That was when Jim was himself; but when he had gone for a playday, he came rip-roariously home, time and again, and demanded his book, to get more money for drink. The scrimmages that grandmother had with him about that book would have been highly ludicrous if a vein of tragedy had not run underneath them.
One cause of Jim's inconsistent behavior about his bank account was the bad company he fell into on his playdays. After he had imbibed somewhat, those boon companions would urge him to go home and get his bank book; for under the influence of drink Jim was a noisy talker and likely to boast of his savings.

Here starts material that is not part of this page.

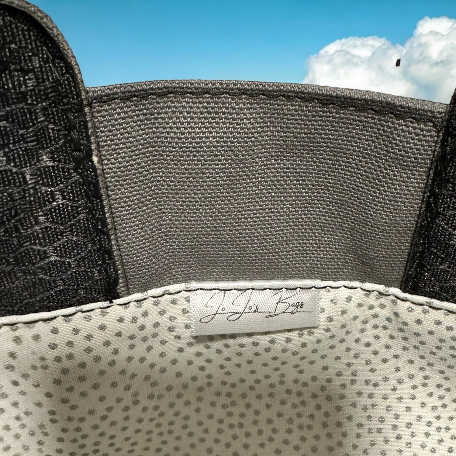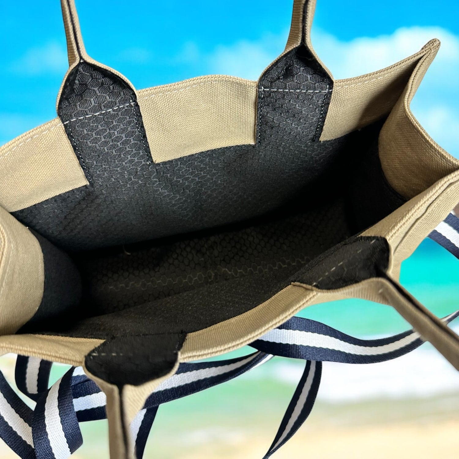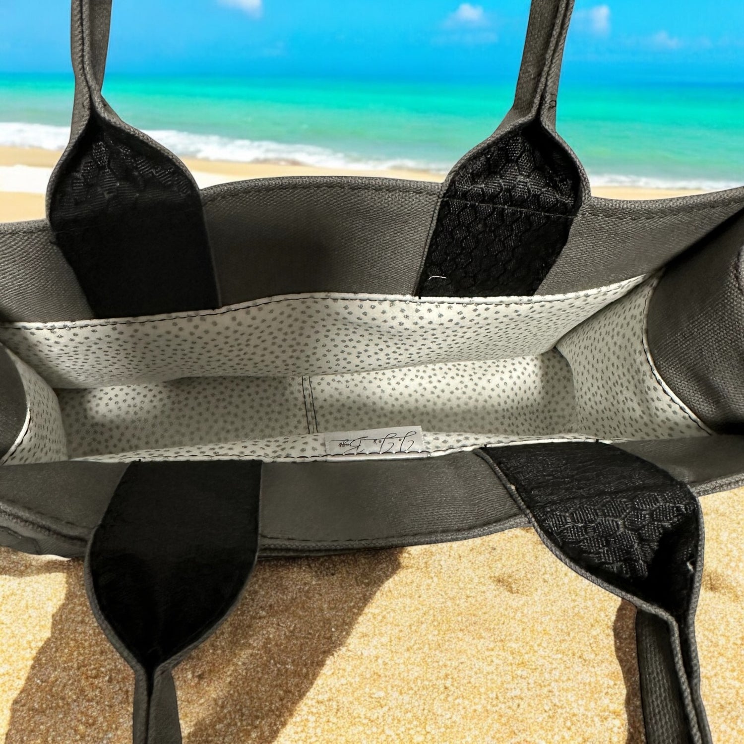just like the famous one but at a fraction of the cost. Each one is made with durable canvas fabric on the exterior the gray tote has a white and silver cotton fabric the tan tote has water resistant fabric Both have a small handle and a crossbody strap.

None of us, except grandmother, knew where Jim's bank book was, and after one memorable experience with him the old lady always disappeared when she saw him drive in. The second time, Jim actually searched the house for his book; but grandmother had taken it and stolen away to a neighbor's house. Once or twice afterwards Jim came and searched for his book; and I remember that the old Squire had doubts whether it was best for us to withhold it from him. Grandmother, however, had no such scruples.
"He shan't have it! Those rum sellers shan't get it from him!" she exclaimed.

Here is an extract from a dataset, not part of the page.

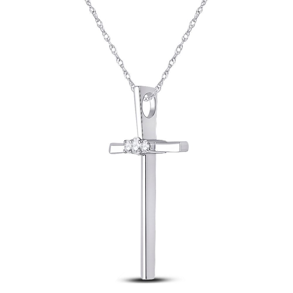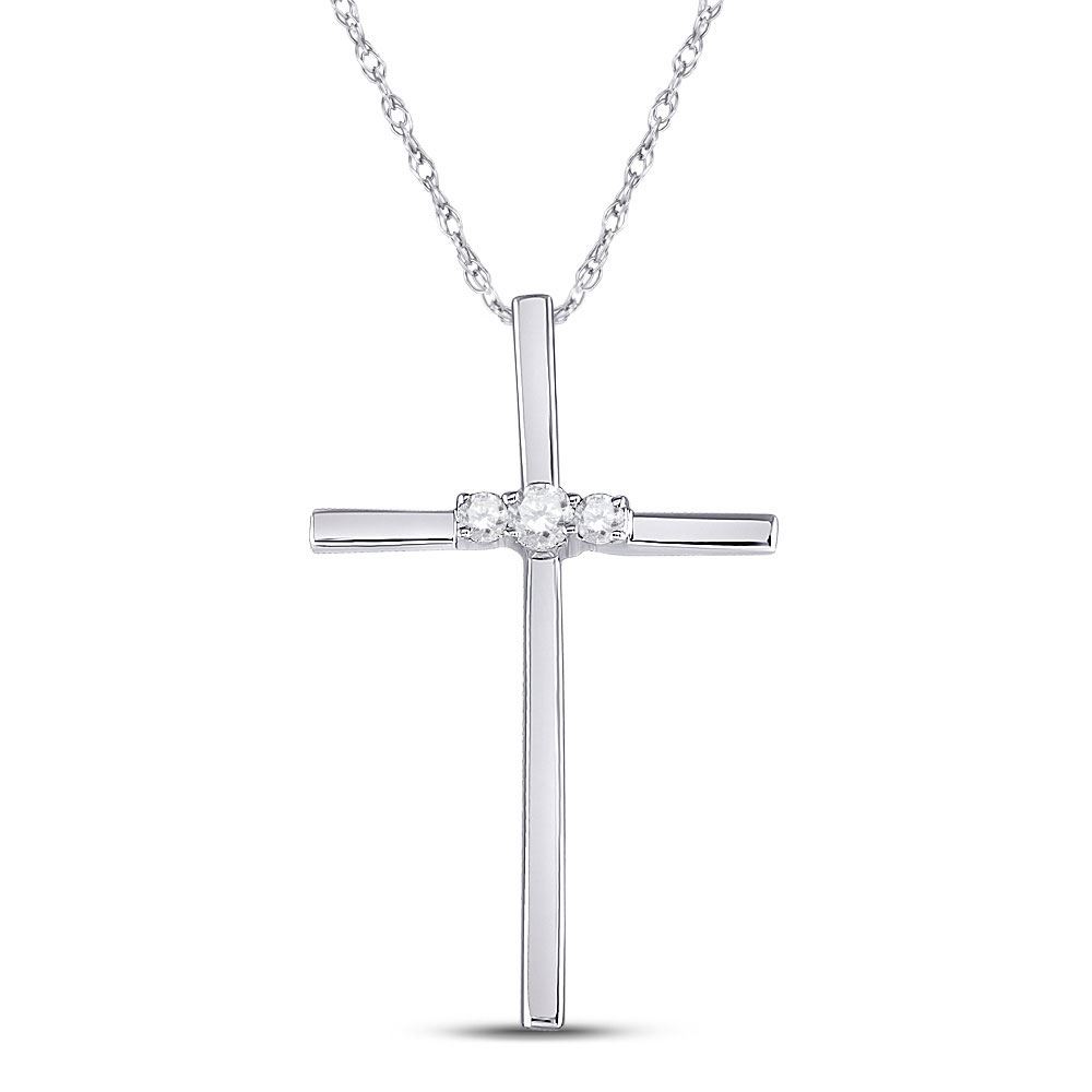 10kt White Gold Womens Round Diamond Cross Pendant 1/6 Cttw.

When he had recovered from the effects of his playday Jim was always fervently glad that he had not spent his savings.
But his bad habits rapidly grew on him, and we fully expected that his savings, which, thanks to grandmother's resolute efforts, now amounted to nearly four hundred dollars, would eventually be squandered on drink.
"It's no use," Addison often said. "It will all go that way in the end, and the more there is of it the worse will be the final crash."
Others thought so, too—among them Miss Wilma Emmons, who taught the district school that summer. Miss Emmons was tall, slight and pale, with dark hair and large light-blue eyes. She would have been very pretty except for her very high, narrow forehead that not even her hair, combed low, could prevent from being noticeable. She made you feel that she was constantly intent on something that worried her.
As time passed, we came to learn the cause of her anxiety. She had two brothers, younger than herself, bright, promising boys whom she was trying to help through college. The three were orphans, without means; and Wilma was working hard, summer and winter, at anything and everything that offered profit, in an effort to give those boys a liberal education; besides teaching school, she went round the countryside in all weathers selling books, maps and sewing machines. Her devotion to those brothers was of course splendid, yet I now think that Wilma, temperamental and overworked, had let it become a kind of monomania with her.
A few days after she came to board at the old Squire's—all the school-teachers boarded there—Addison said to me that he wondered what that girl had on her mind.